HAPPY BIRTHDAY bach
CELEBRATING THE MASTER IN CONCERT
IF springtime comes, can Bach be far behind? No, he cannot. He was born on March 21, a happy coincidence that ensures that we celebrate him on the very heels of spring’s arrival. The music of Johann Sebastian Bach, like springtime itself, is filled with promise and optimism. That does not mean that it is always cheerful, although lovers of the Brandenburg Concertos know that few composers rivaled him in inspiring elation. But a listener who begins to grasp Bach’s outlook finds that even his doleful moments are not entirely despondent. His ruminations may take us to dark reaches of the soul; but even at their most somber, they usually allow a glimmer of hope to beam in, a suggestion that reward and consolation wait at the end of the tunnel. Many moderns will not understand that in the way an orthodox Lutheran of the 18th century would have — that, if all goes well, life is a tough slog that terminates in yearnedfor heavenly rest. Still, even those who do not tread theological footpaths can find some correspondence in their outlooks. Bach is often filled with joy, and he invites us to celebrate with him. But, as a profoundly human composer, he was also acquainted with grief, and he shows us a route to embrace that, to experience it profoundly, and to push through to the other side.
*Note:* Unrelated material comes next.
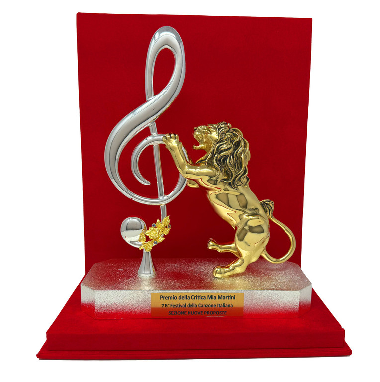 Tra i riconoscimenti più attesi spicca il Premio della Critica “Mia Martini”, istituito nel 1982 e assegnato dai giornalisti accreditati presso la Sala Stampa al brano ritenuto più meritevole. L’opera realizzata, è una scultura con bagno in oro e argento, raffigurante un leone poggiato su una chiave di violino. Alla base si evidenzia una composizione di fiori in argento, arricchita da pietre azzurre.

His 333rd birthday this past Wednesday was oddly silent for Santa Fe’s concertgoers, but musicians will be playing catch-up this week, beginning with an all-Bach organ recital performed by Linda Raney at First Presbyterian Church. “Bach lived in a period when people were very creative and very intelligent,” she observed, “but there was also an expectation that the music of an individual composer would to some extent resemble that of another, that all composers would follow the rules and color inside the lines. There’s an underlying logic to Baroque music.” But that still left plenty of room for gifted composers to show originality, and none was more gifted than Bach.
Raney flips through the pages of his chorale prelude “Vater unser im Himmelreich” (BWV 682), which will be the second of the three pieces in her half-hour recital. In this elaboration of a Lutheran hymn for the “Our Father” prayer, she points to rising figures that convey optimism, to descending chromatic lines that she feels suggest pain, to the constant onward tread of the bass line, to how musical ideas are shortened or expanded to make the parts interlock in innovative ways, sometimes in canonic imitation. “It is extraordinary how he uses figures like this to paint his musical picture,” she said. “I almost want to call this ‘Pilgrim’s Progress,’ the journey of the pilgrim. He is able to do all of that in these seven pages and hold it together. You feel you have been on a journey from the beginning to the end, that the journey has included emotional richness, pain, the feeling of hope, the feeling of moving forward, the feeling of just reflecting on the ornamented chorale. I liken Bach, in a way, to Einstein, in that he was able to explain his theories in a way that people can understand. It’s not so erudite as to be beyond the comprehension of listeners. Bach had a practical side. He can communicate.”
Aficionados sometimes cite “Vater unser” as the most complex of all Bach’s chorale preludes. He published it in 1739 in the collection he titled ClavierÜbung III (Keyboard Exercise III), which the Bach scholar Gregory Butler has characterized as standing “on the threshold of [his] late period” and revealing the composer’s “preoccupation with saying the last word in a given genre with an attendant monumentality of conception.” Raney will bookend it with two earlier works. The program opens with his Concerto in D minor after Vivaldi (BWV 596), a transformation for keyboard of a work the Italian composer had orchestrated for strings.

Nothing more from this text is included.